** Opening MATERIALS PROVIDED block **
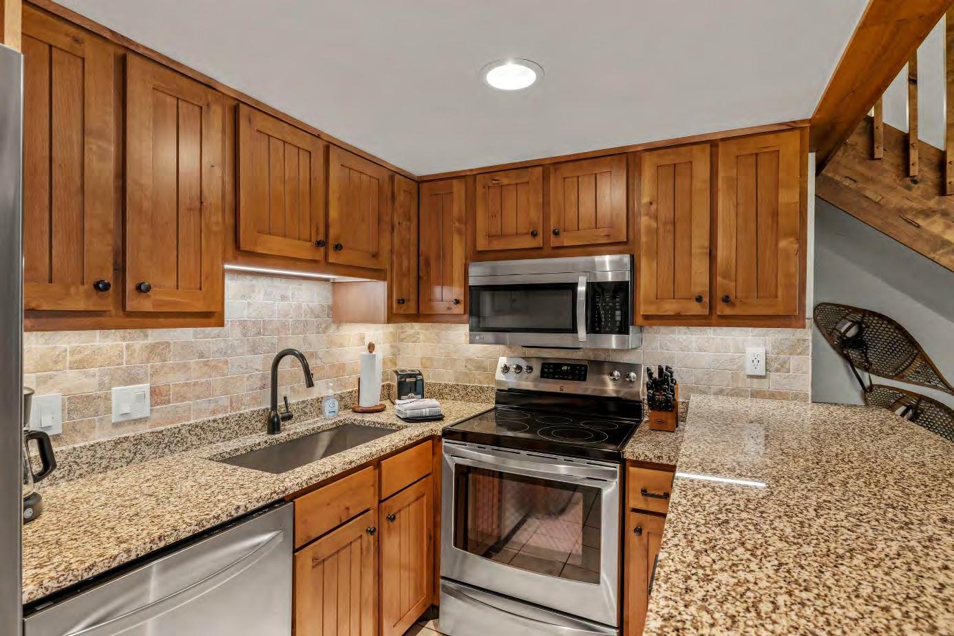 Theunit offers beautiful wood finishes,stylish modern light fixtures,and a ceiling-high reclaimed barn wood fireplace.The kitchen features granitecounter tops,sleek stainless-steel appliances,and convenient barstool seating ? perfect for enjoying breakfast beforea day on the mountain.
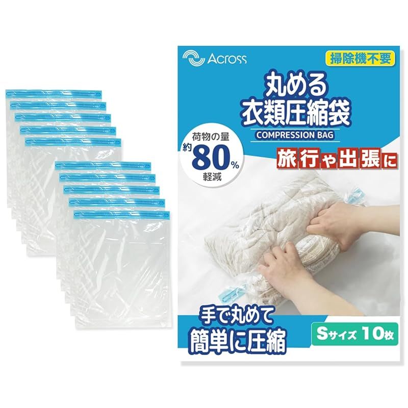 【新品】 Across 手巻き 圧縮袋 衣類 ポンプ不要 収納袋 旅行 防カビ ダニ対策 再利用可能 (Dタイプ/S-10枚) 0
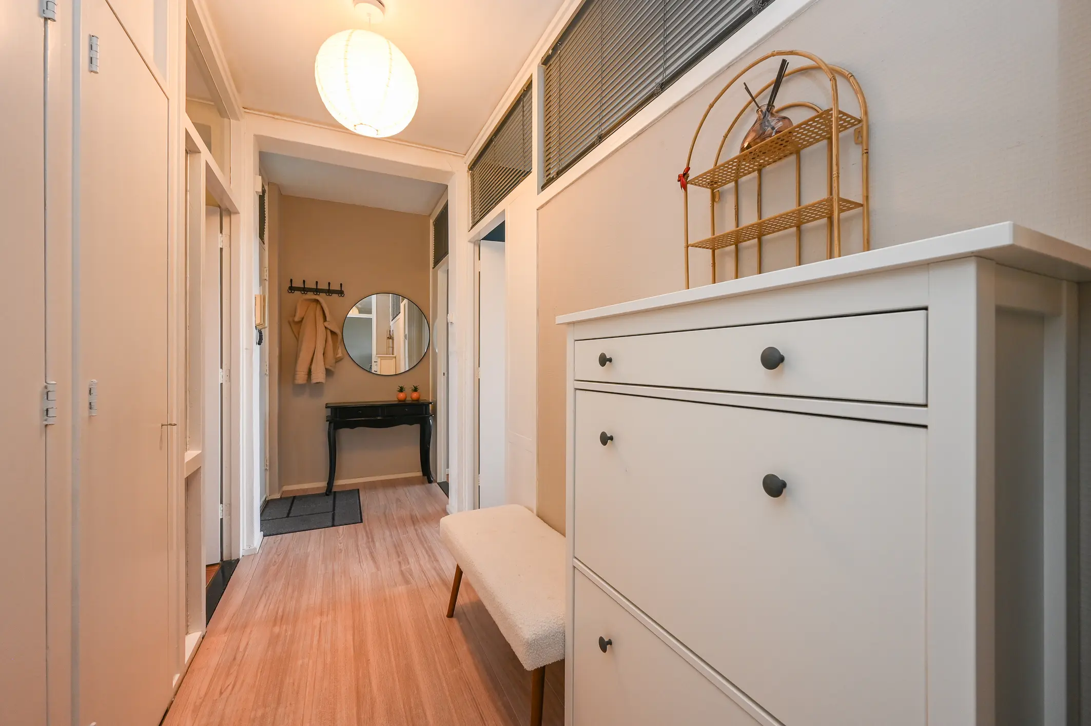 Bij binnenkomst kom je in de hal met meterkast en praktische kastruimte. Vanuit de hal zijn vrijwel alle vertrekken bereikbaar. Het toilet is netjes betegeld en verzorgd afgewerkt.
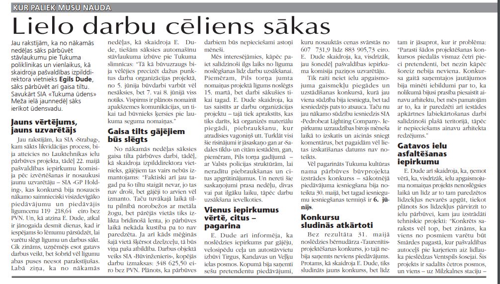 Jau rakstījām, ka SIA «Strabag», kam sākts likvidācijas process, bija atteicies no Lauktehnikas ielu pārbūves projekta, tādēļ 22. maijā pašvaldības iepirkumu komisija pēc izvērtēšanas ir nosaukusi jaunu uzvarētāju – SIA «GP Holding», kas konkursā bija nosaucis nākamo saimnieciski visizdevīgāko piedāvājumu un piedāvājis līgumcenu 119 218,64 eiro bez PVN. Un, kā atzina E. Dude, atkal ir jānogaida desmit dienas, kad ir iespējams šo lēmumu pārsūdzēt, lai varētu slēgt līgumu un darbus sākt. Cik zināms, uzņēmējs esot gatavs darbus veikt, bet šobrīd vēl līgumu abas puses neesot parakstījušas. Labā ziņa, ka no nākamās nedēļas, kā skaidroja E. Dude, tiešām sāksies automašīnu stāvlaukuma izbūve pie Tukuma slimnīcas: “Tā kā būvuzraugs bija vēlējies precizēt dažus punktus darba organizācijas projektā, tāpēc no 5. jūnija būvdarbi varbūt vēl nesāksies, bet 7. vai 8. maijā viss notiks. Vispirms ir plānots nomainīt apakšzemes komunikācijas un tikai tad būvnieks ķersies pie laukuma seguma nomaiņas.”
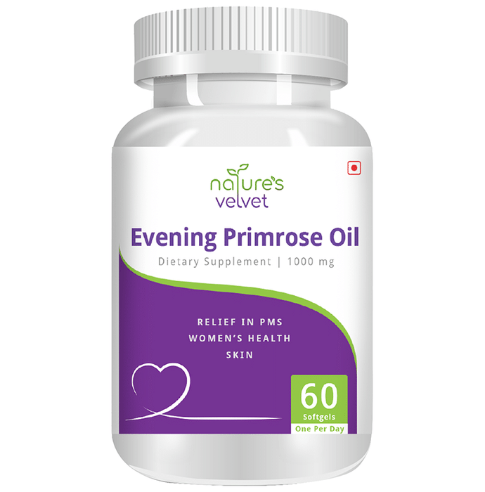 Nature's Velvet Evening Primrose Oil 1000mg Softgel Nature's Velvet Evening Primrose Oil 1000mg capsule contain calories from fat, polyunsaturated fat, monounsaturated fat, evening primrose oil, gamma-linolenic acid (GLA). Key benefits of Nature's Velvet Evening Primrose Oil 1000mg capsule: It is used for skin disorders such as eczema, psoriasis, and acne. It is also used for rheumatoid arthritis, weak bones(osteoporosis), cancer, high cholesterol, heart disease, a movement disorder in children (dyspraxia), leg pain due to blocked blood vessels, alcoholism, Alzheimer’s disease, and schizophrenia. Direction to use: Take 1 capsule with lukewarm water 2-3 times a day or as suggested by the healthcare professional. Safety information: Pregnant, nursing women or individual taking any medications, consult the doctor before use. Use under medical supervision.
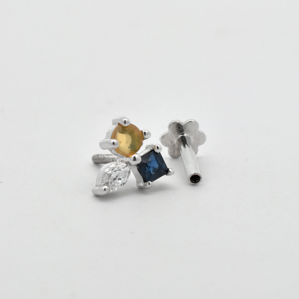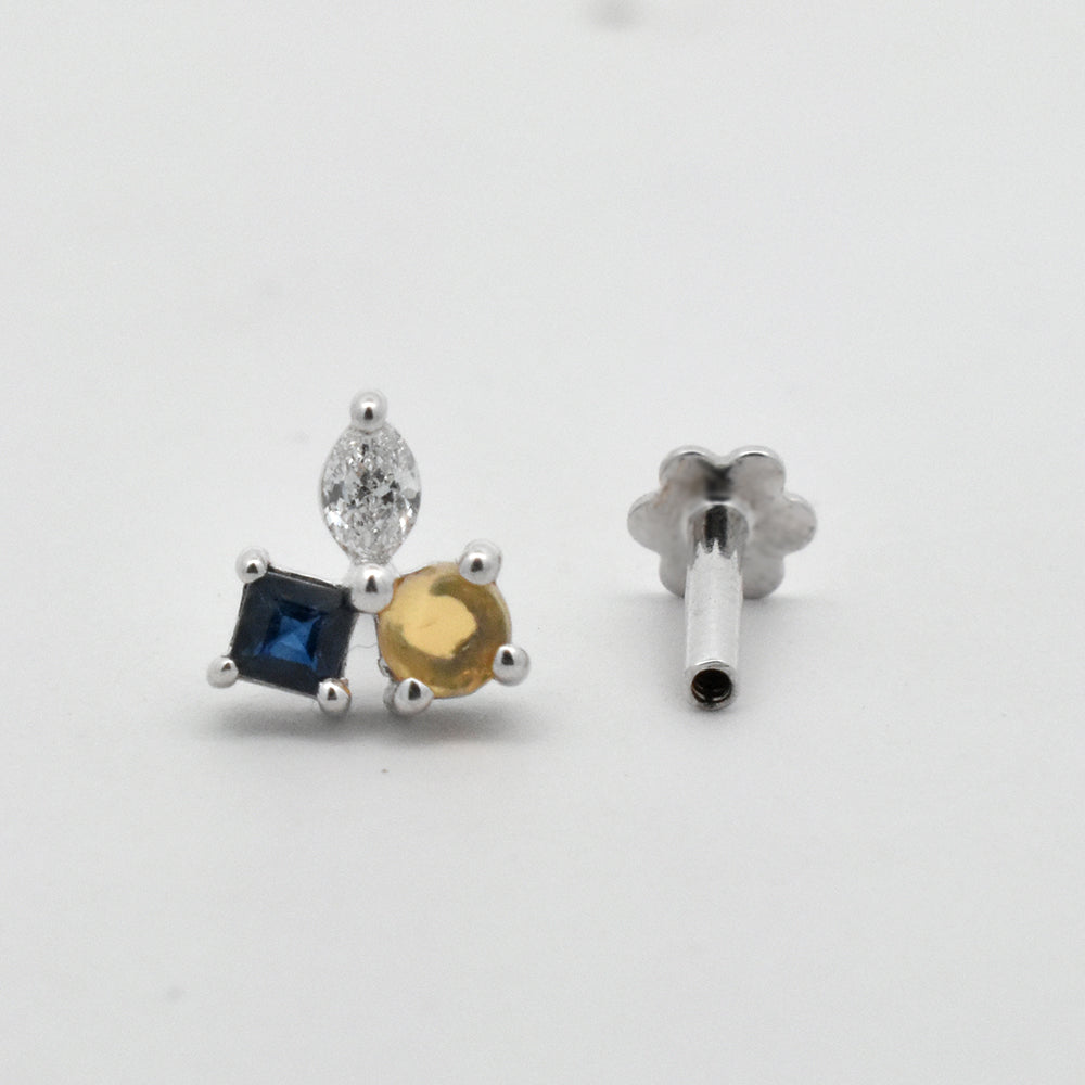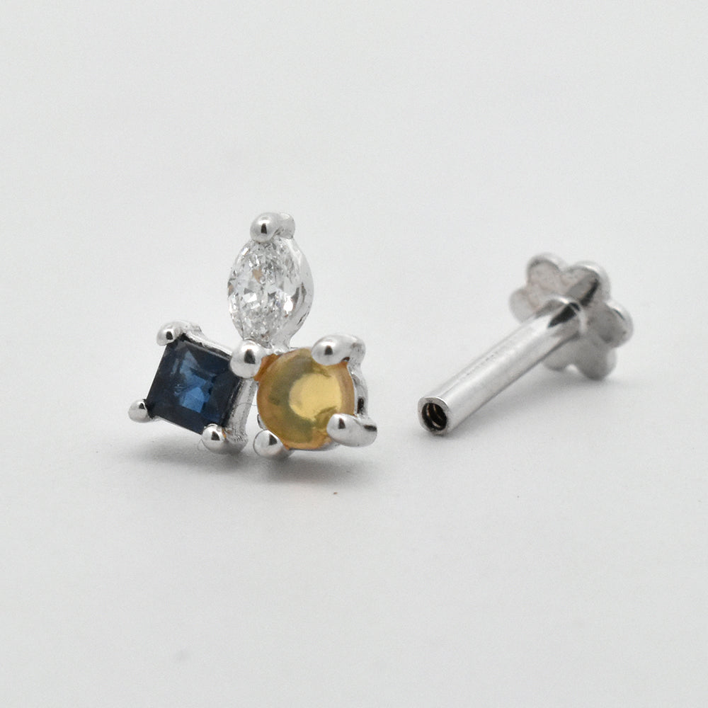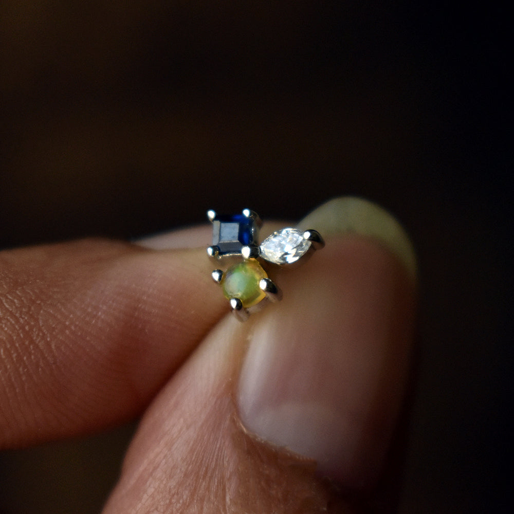 Natural Diamond, Blue Sapphire and Opal, is a harmonious trinity, this striking stud is crafted in solid 14k gold. All three gemstones are different in shape - Round, Princess and Marquise. A perfect mother-daughter gift, birthstone birthday gift or siblings gift! Suitable for any and all piercings - lobe, cartilage, conch, helix or tragus piercing. It also makes for a mesmerizing nose jewelry.
** Closing MATERIALS PROVIDED block **
DESCRIPTION OF THE TASK:
All of the data above needs to be given again exactly. Leave out each image.

ANSWER TO THE EXERCISE:
 Theunit offers beautiful wood finishes,stylish modern light fixtures,and a ceiling-high reclaimed barn wood fireplace.The kitchen features granitecounter tops,sleek stainless-steel appliances,and convenient barstool seating ? perfect for enjoying breakfast beforea day on the mountain.
 【新品】 Across 手巻き 圧縮袋 衣類 ポンプ不要 収納袋 旅行 防カビ ダニ対策 再利用可能 (Dタイプ/S-10枚) 0
 Bij binnenkomst kom je in de hal met meterkast en praktische kastruimte. Vanuit de hal zijn vrijwel alle vertrekken bereikbaar. Het toilet is netjes betegeld en verzorgd afgewerkt.
 Jau rakstījām, ka SIA «Strabag», kam sākts likvidācijas process, bija atteicies no Lauktehnikas ielu pārbūves projekta, tādēļ 22. maijā pašvaldības iepirkumu komisija pēc izvērtēšanas ir nosaukusi jaunu uzvarētāju – SIA «GP Holding», kas konkursā bija nosaucis nākamo saimnieciski visizdevīgāko piedāvājumu un piedāvājis līgumcenu 119 218,64 eiro bez PVN. Un, kā atzina E. Dude, atkal ir jānogaida desmit dienas, kad ir iespējams šo lēmumu pārsūdzēt, lai varētu slēgt līgumu un darbus sākt. Cik zināms, uzņēmējs esot gatavs darbus veikt, bet šobrīd vēl līgumu abas puses neesot parakstījušas. Labā ziņa, ka no nākamās nedēļas, kā skaidroja E. Dude, tiešām sāksies automašīnu stāvlaukuma izbūve pie Tukuma slimnīcas: “Tā kā būvuzraugs bija vēlējies precizēt dažus punktus darba organizācijas projektā, tāpēc no 5. jūnija būvdarbi varbūt vēl nesāksies, bet 7. vai 8. maijā viss notiks. Vispirms ir plānots nomainīt apakšzemes komunikācijas un tikai tad būvnieks ķersies pie laukuma seguma nomaiņas.”
 Nature's Velvet Evening Primrose Oil 1000mg Softgel Nature's Velvet Evening Primrose Oil 1000mg capsule contain calories from fat, polyunsaturated fat, monounsaturated fat, evening primrose oil, gamma-linolenic acid (GLA). Key benefits of Nature's Velvet Evening Primrose Oil 1000mg capsule: It is used for skin disorders such as eczema, psoriasis, and acne. It is also used for rheumatoid arthritis, weak bones(osteoporosis), cancer, high cholesterol, heart disease, a movement disorder in children (dyspraxia), leg pain due to blocked blood vessels, alcoholism, Alzheimer’s disease, and schizophrenia. Direction to use: Take 1 capsule with lukewarm water 2-3 times a day or as suggested by the healthcare professional. Safety information: Pregnant, nursing women or individual taking any medications, consult the doctor before use. Use under medical supervision.
 Natural Diamond, Blue Sapphire and Opal, is a harmonious trinity, this striking stud is crafted in solid 14k gold. All three gemstones are different in shape - Round, Princess and Marquise. A perfect mother-daughter gift, birthstone birthday gift or siblings gift! Suitable for any and all piercings - lobe, cartilage, conch, helix or tragus piercing. It also makes for a mesmerizing nose jewelry.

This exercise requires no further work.